Try it =
Return the line containing "Los concejales de" together with every later line up to the end of the records, exactly and with no pictures; return nothing else.

*** Information supplied ***

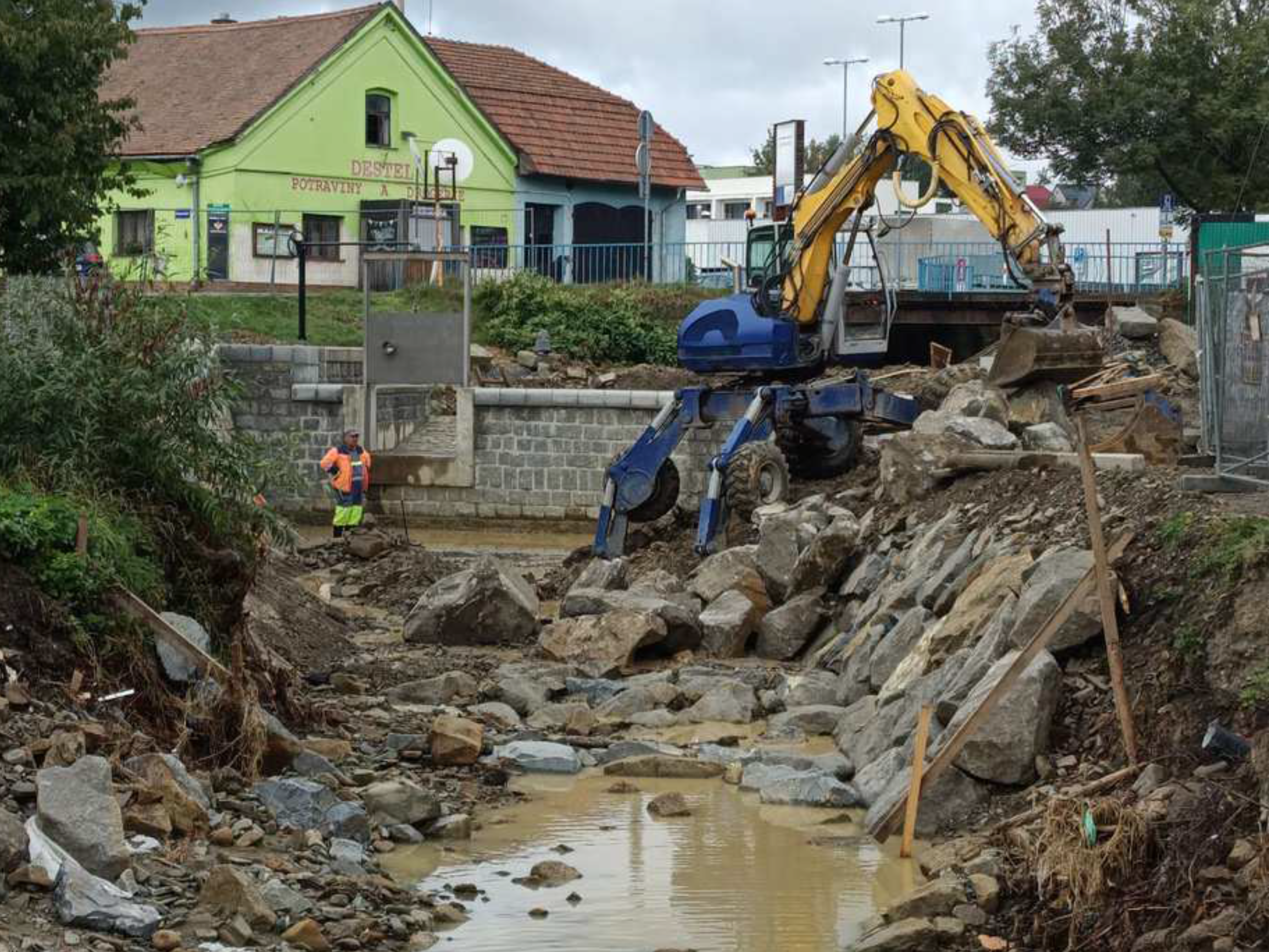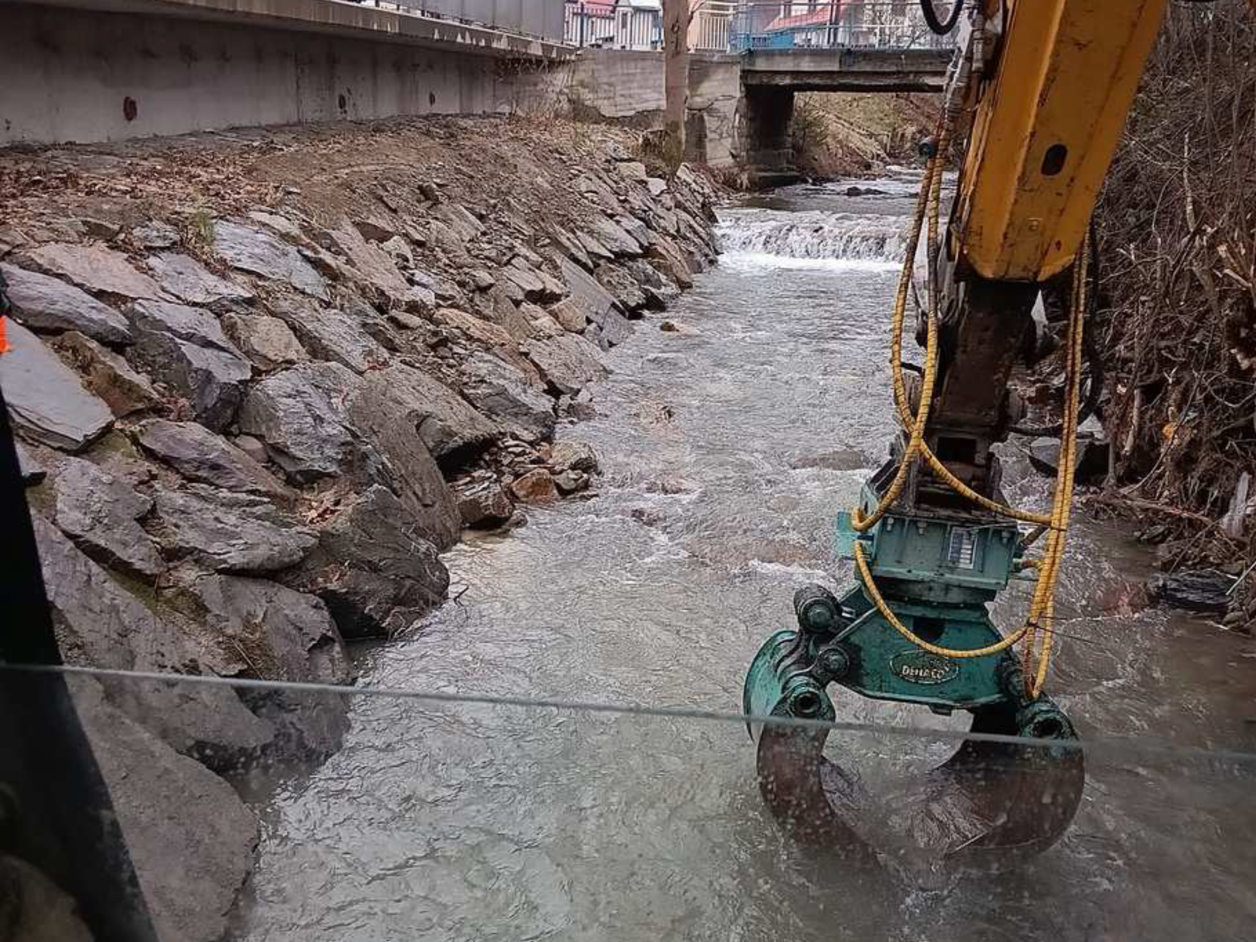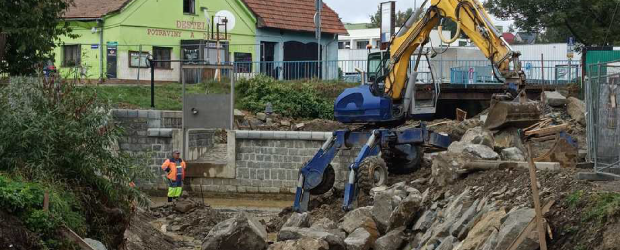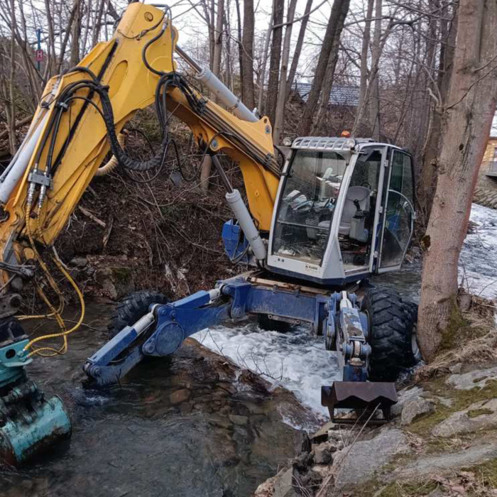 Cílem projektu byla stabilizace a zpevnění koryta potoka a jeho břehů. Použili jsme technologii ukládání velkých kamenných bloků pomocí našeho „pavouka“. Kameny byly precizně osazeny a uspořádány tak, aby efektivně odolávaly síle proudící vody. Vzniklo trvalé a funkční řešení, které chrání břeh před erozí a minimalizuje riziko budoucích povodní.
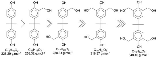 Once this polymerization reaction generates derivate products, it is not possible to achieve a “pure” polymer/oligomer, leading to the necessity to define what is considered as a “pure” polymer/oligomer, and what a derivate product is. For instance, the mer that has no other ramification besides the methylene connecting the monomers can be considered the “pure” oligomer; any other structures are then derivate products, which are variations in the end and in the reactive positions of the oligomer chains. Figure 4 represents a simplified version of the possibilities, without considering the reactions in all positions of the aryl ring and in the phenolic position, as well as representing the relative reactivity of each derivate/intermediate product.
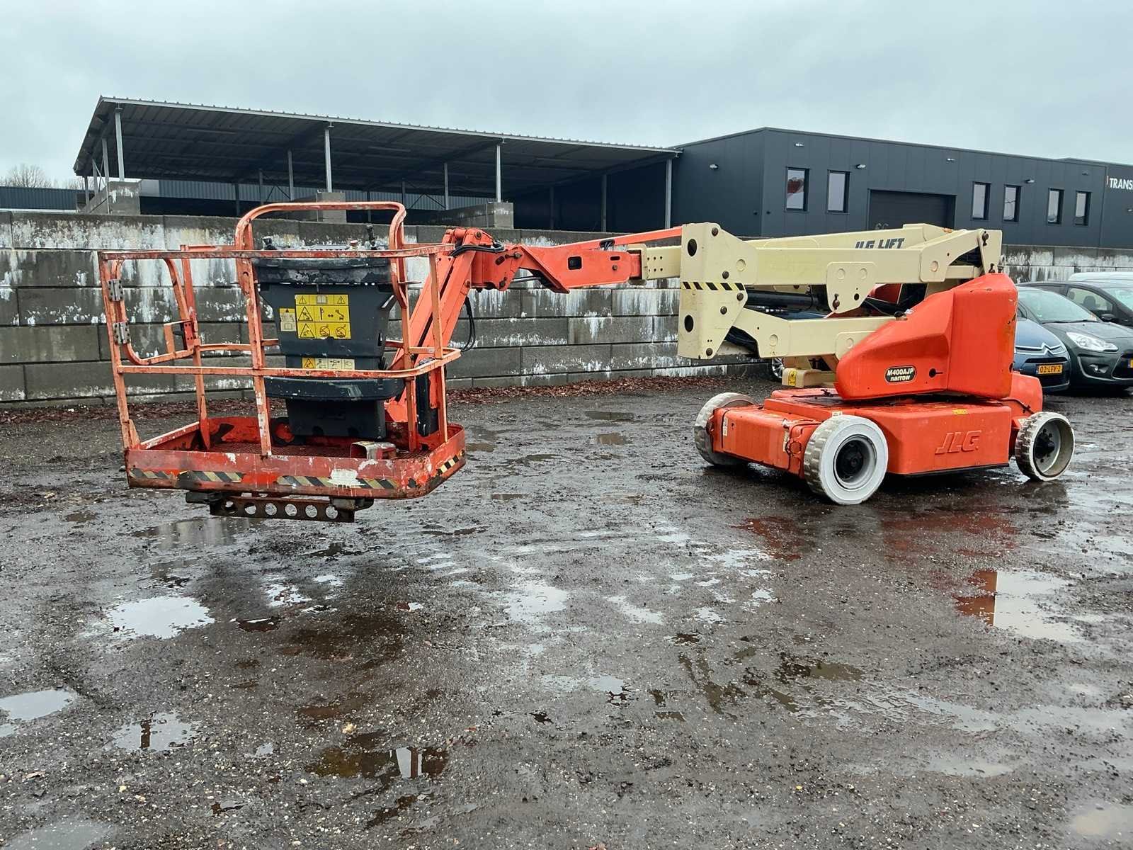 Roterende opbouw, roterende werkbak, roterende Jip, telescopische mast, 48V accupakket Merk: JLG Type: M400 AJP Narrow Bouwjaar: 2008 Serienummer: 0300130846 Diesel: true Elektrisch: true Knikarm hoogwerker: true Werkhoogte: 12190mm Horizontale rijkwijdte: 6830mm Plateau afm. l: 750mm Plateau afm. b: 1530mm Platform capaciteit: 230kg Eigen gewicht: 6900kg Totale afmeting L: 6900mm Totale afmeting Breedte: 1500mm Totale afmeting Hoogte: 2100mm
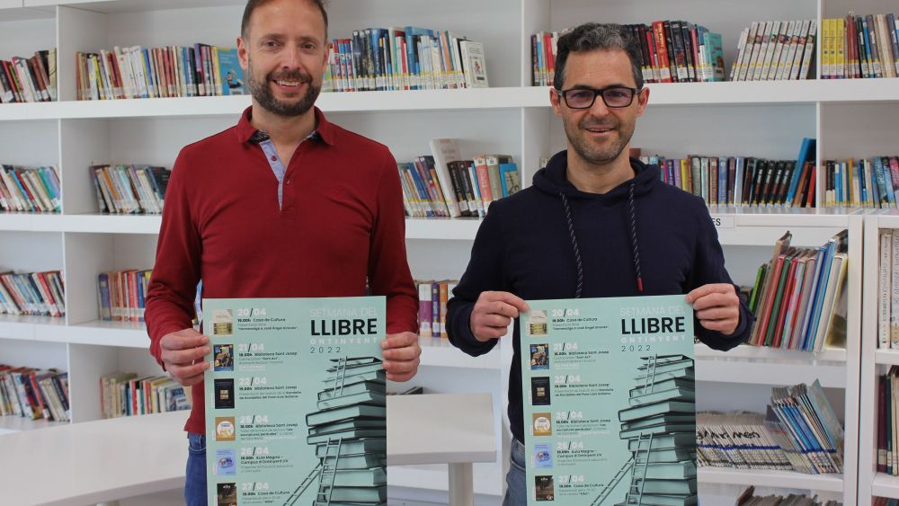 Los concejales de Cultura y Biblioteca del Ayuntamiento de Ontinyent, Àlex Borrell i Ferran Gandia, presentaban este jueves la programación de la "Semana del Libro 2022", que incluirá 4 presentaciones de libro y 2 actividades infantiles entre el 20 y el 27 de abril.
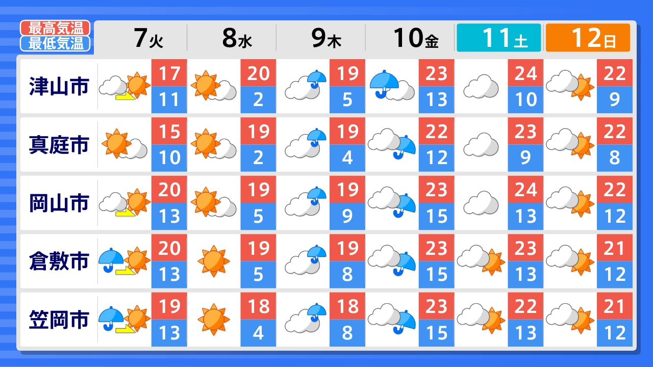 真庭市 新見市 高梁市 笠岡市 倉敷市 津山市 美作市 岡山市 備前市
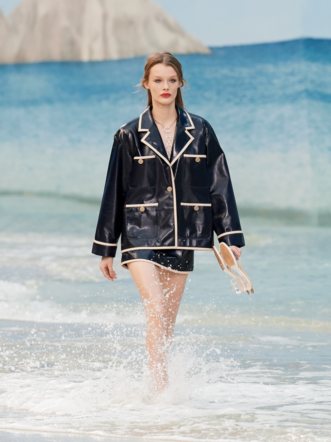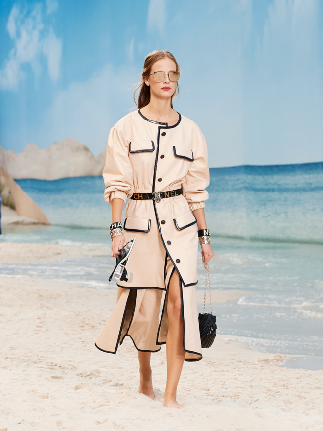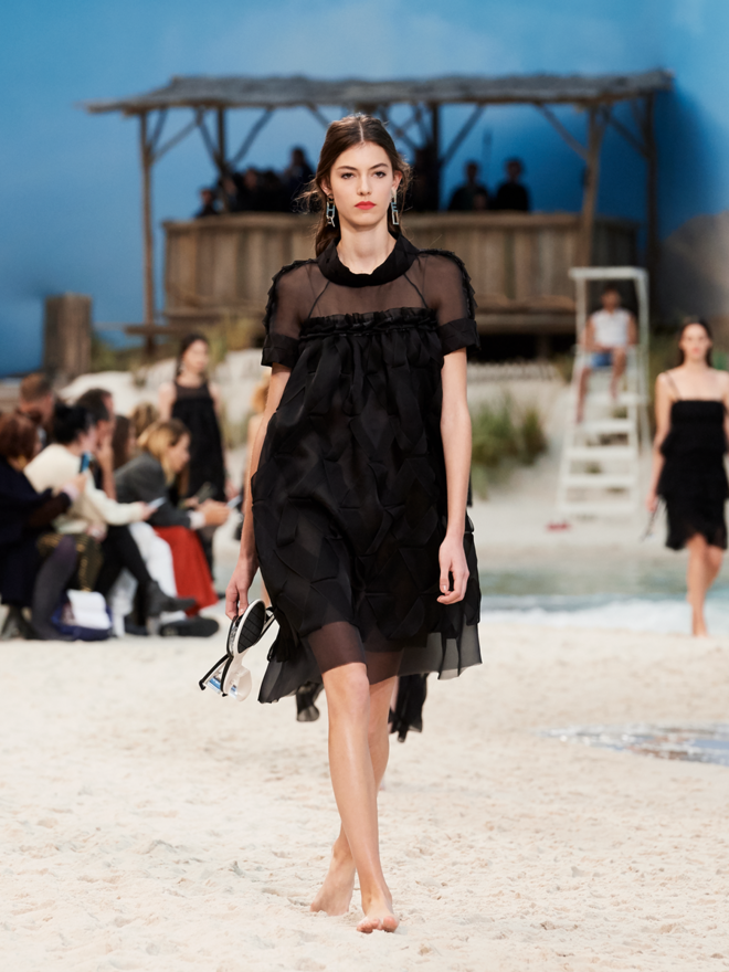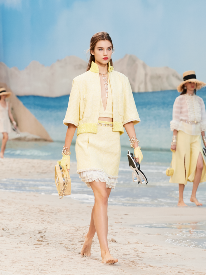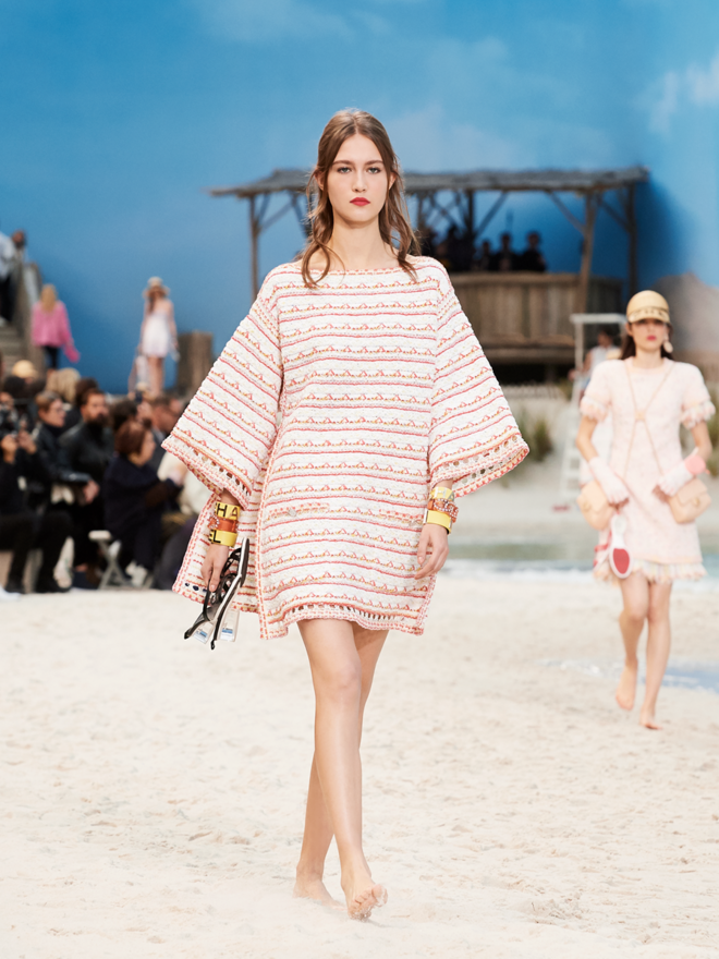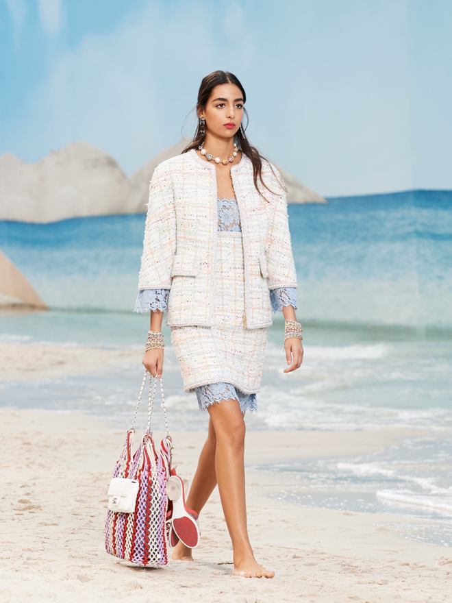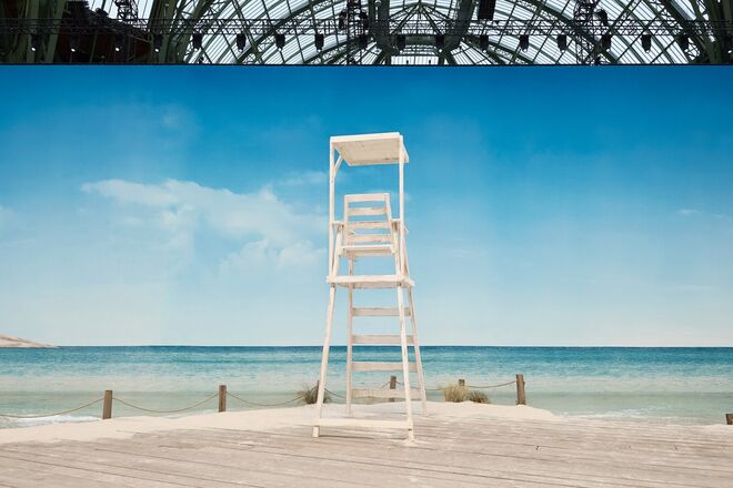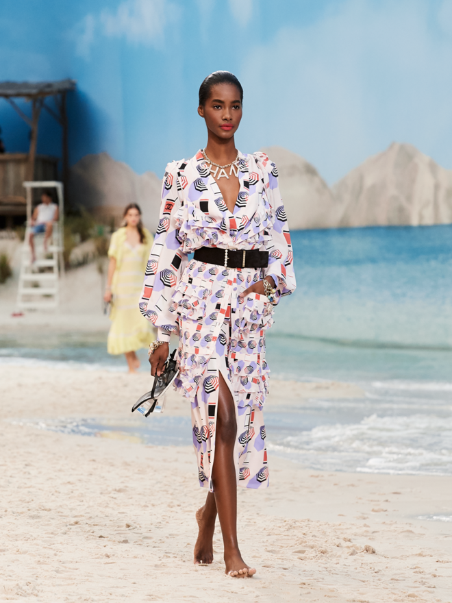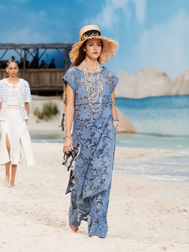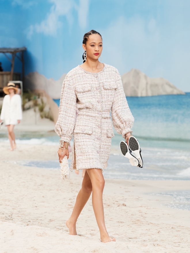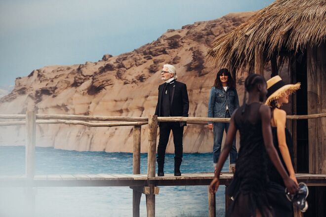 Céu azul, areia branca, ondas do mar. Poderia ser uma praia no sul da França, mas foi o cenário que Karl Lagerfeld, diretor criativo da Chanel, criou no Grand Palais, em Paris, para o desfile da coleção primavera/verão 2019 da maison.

*** End of Information supplied ***

Answer box =
 Los concejales de Cultura y Biblioteca del Ayuntamiento de Ontinyent, Àlex Borrell i Ferran Gandia, presentaban este jueves la programación de la "Semana del Libro 2022", que incluirá 4 presentaciones de libro y 2 actividades infantiles entre el 20 y el 27 de abril.
 真庭市 新見市 高梁市 笠岡市 倉敷市 津山市 美作市 岡山市 備前市
 Céu azul, areia branca, ondas do mar. Poderia ser uma praia no sul da França, mas foi o cenário que Karl Lagerfeld, diretor criativo da Chanel, criou no Grand Palais, em Paris, para o desfile da coleção primavera/verão 2019 da maison.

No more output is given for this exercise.